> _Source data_
------------------------------------------------------------
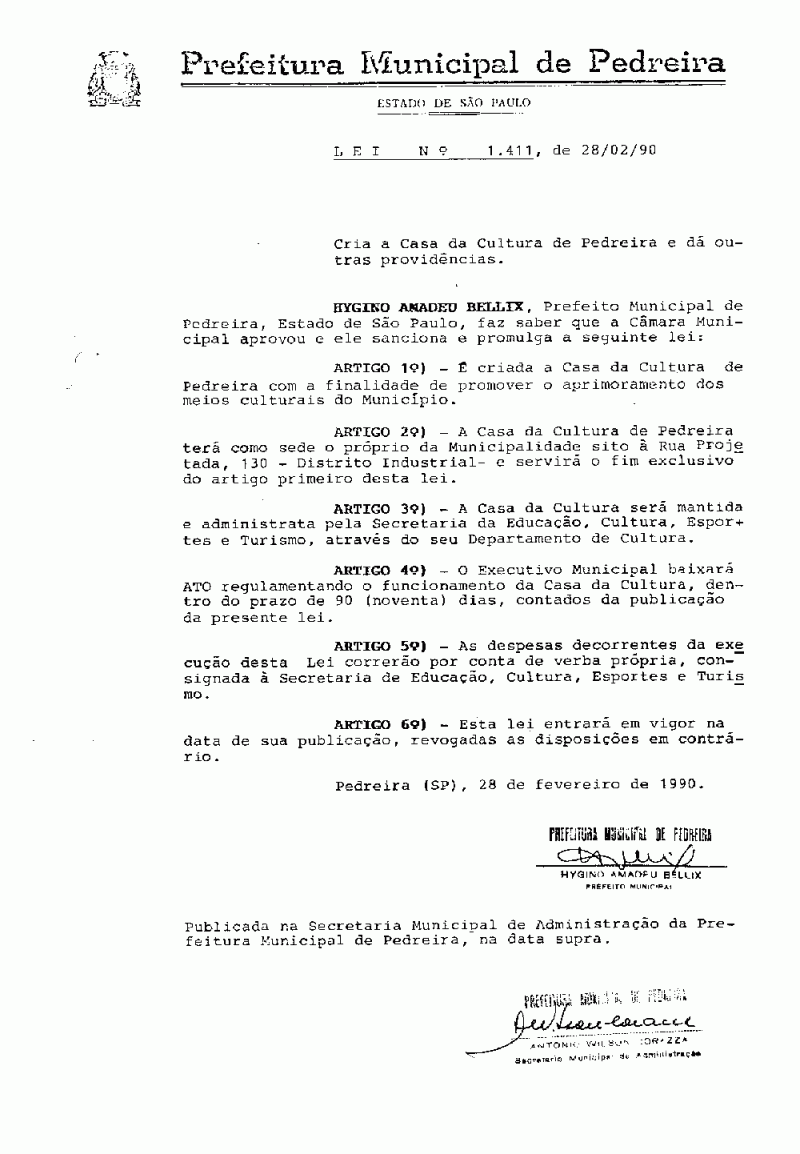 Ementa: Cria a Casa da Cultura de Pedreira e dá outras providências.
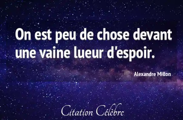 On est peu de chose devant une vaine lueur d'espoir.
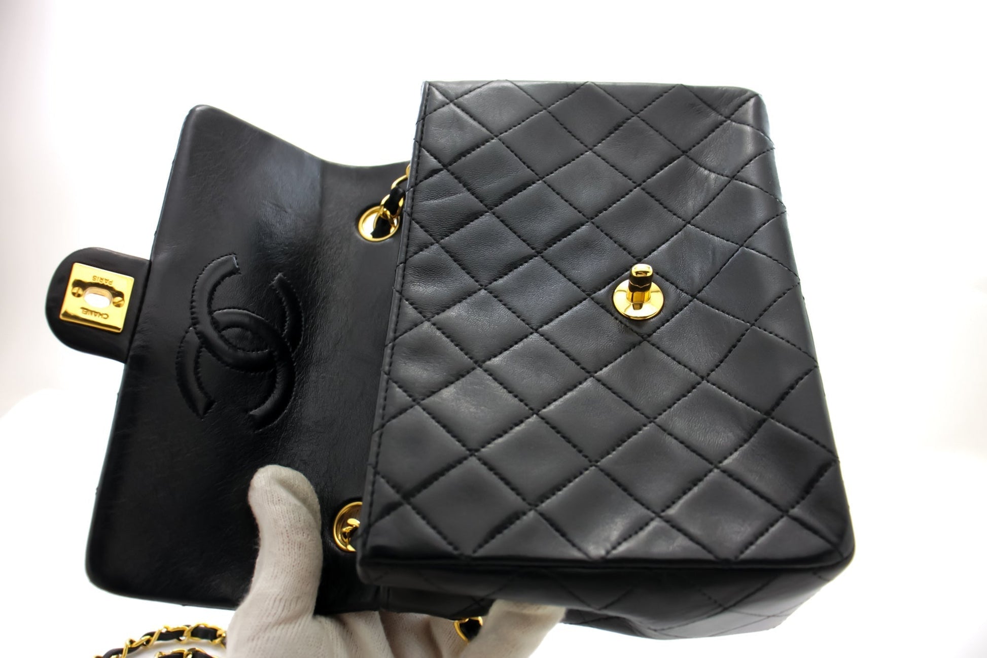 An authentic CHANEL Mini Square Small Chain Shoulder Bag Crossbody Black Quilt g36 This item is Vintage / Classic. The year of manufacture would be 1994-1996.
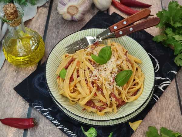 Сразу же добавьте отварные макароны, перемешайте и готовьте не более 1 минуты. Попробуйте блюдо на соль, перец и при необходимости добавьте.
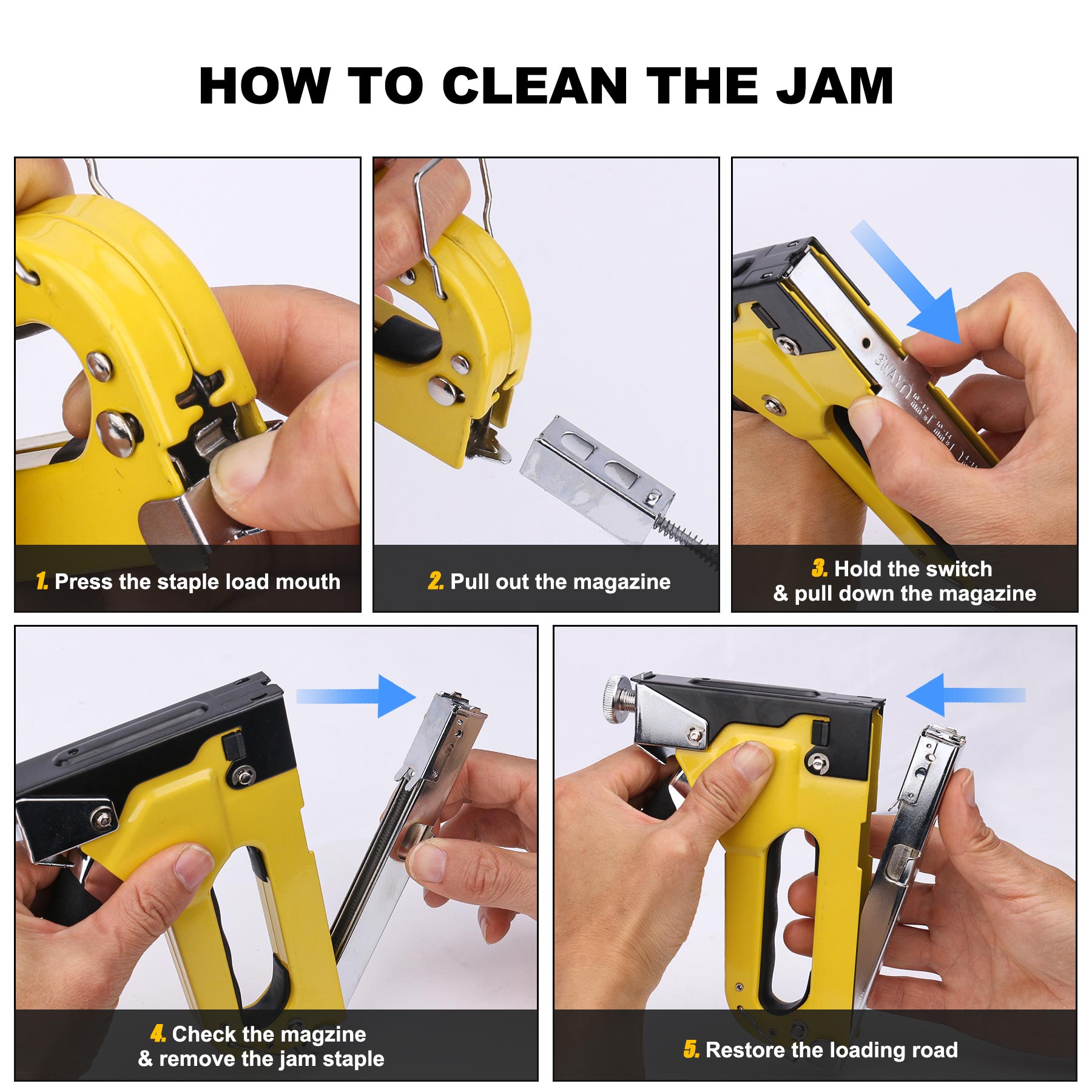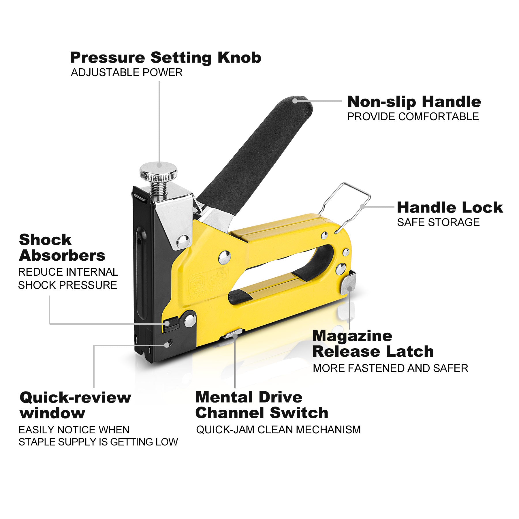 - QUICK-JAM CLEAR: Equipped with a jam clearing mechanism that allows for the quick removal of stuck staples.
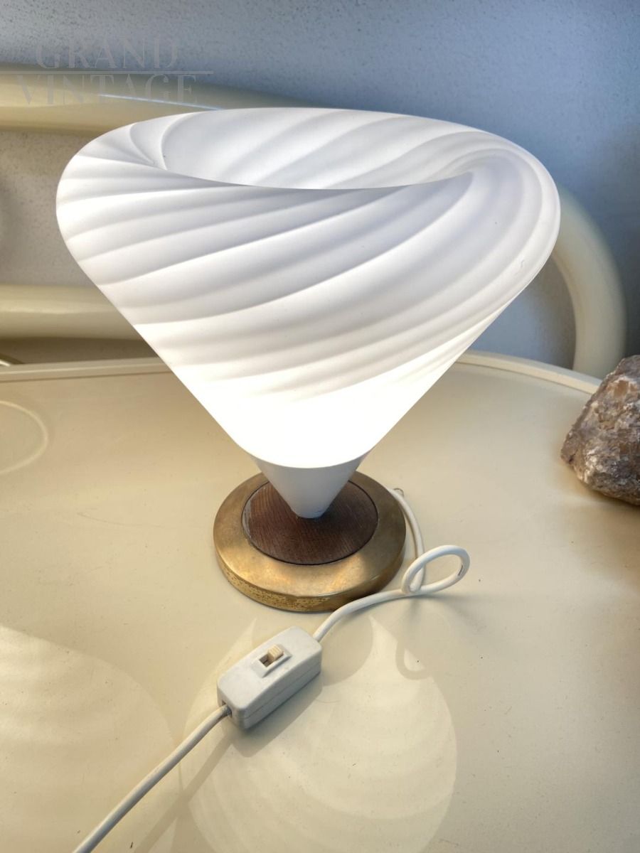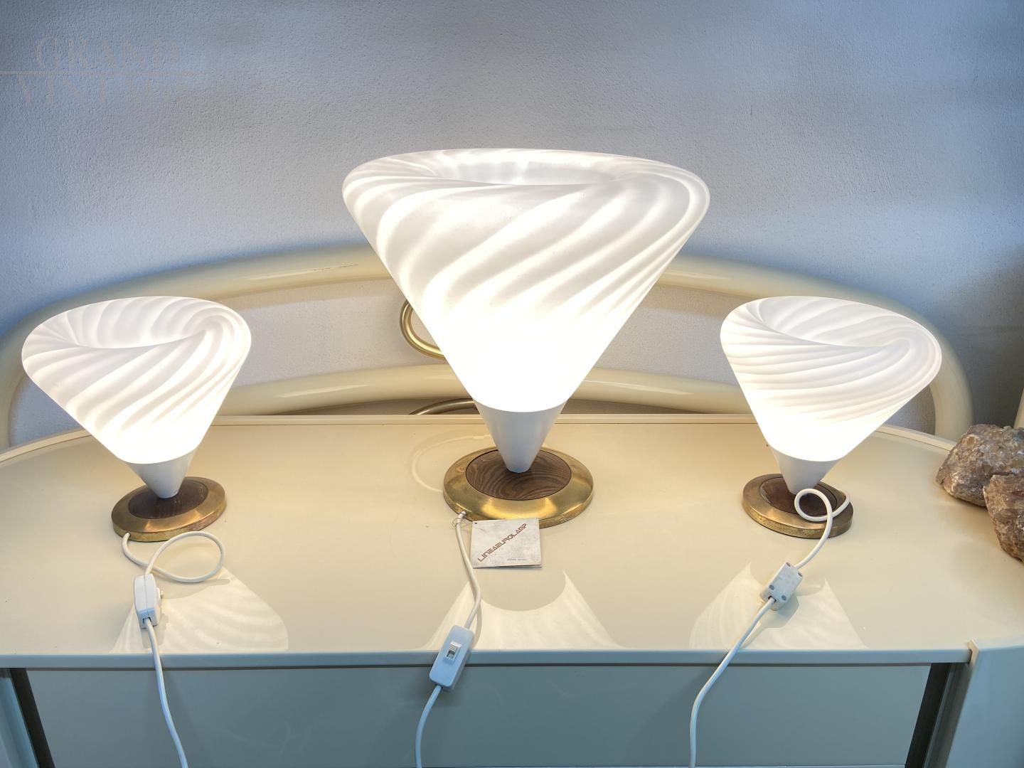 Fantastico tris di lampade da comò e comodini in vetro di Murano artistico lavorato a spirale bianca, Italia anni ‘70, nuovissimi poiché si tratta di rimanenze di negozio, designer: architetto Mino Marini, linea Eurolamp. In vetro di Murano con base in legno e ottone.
------------------------------------------------------------
> _INSTRUCTIONS FOR THE TASK_
Now transcribe all the entries above exactly, so that no picture is carried over.

> _PROBLEM SOLUTION_
 Ementa: Cria a Casa da Cultura de Pedreira e dá outras providências.
 On est peu de chose devant une vaine lueur d'espoir.
 An authentic CHANEL Mini Square Small Chain Shoulder Bag Crossbody Black Quilt g36 This item is Vintage / Classic. The year of manufacture would be 1994-1996.
 Сразу же добавьте отварные макароны, перемешайте и готовьте не более 1 минуты. Попробуйте блюдо на соль, перец и при необходимости добавьте.
 - QUICK-JAM CLEAR: Equipped with a jam clearing mechanism that allows for the quick removal of stuck staples.
 Fantastico tris di lampade da comò e comodini in vetro di Murano artistico lavorato a spirale bianca, Italia anni ‘70, nuovissimi poiché si tratta di rimanenze di negozio, designer: architetto Mino Marini, linea Eurolamp. In vetro di Murano con base in legno e ottone.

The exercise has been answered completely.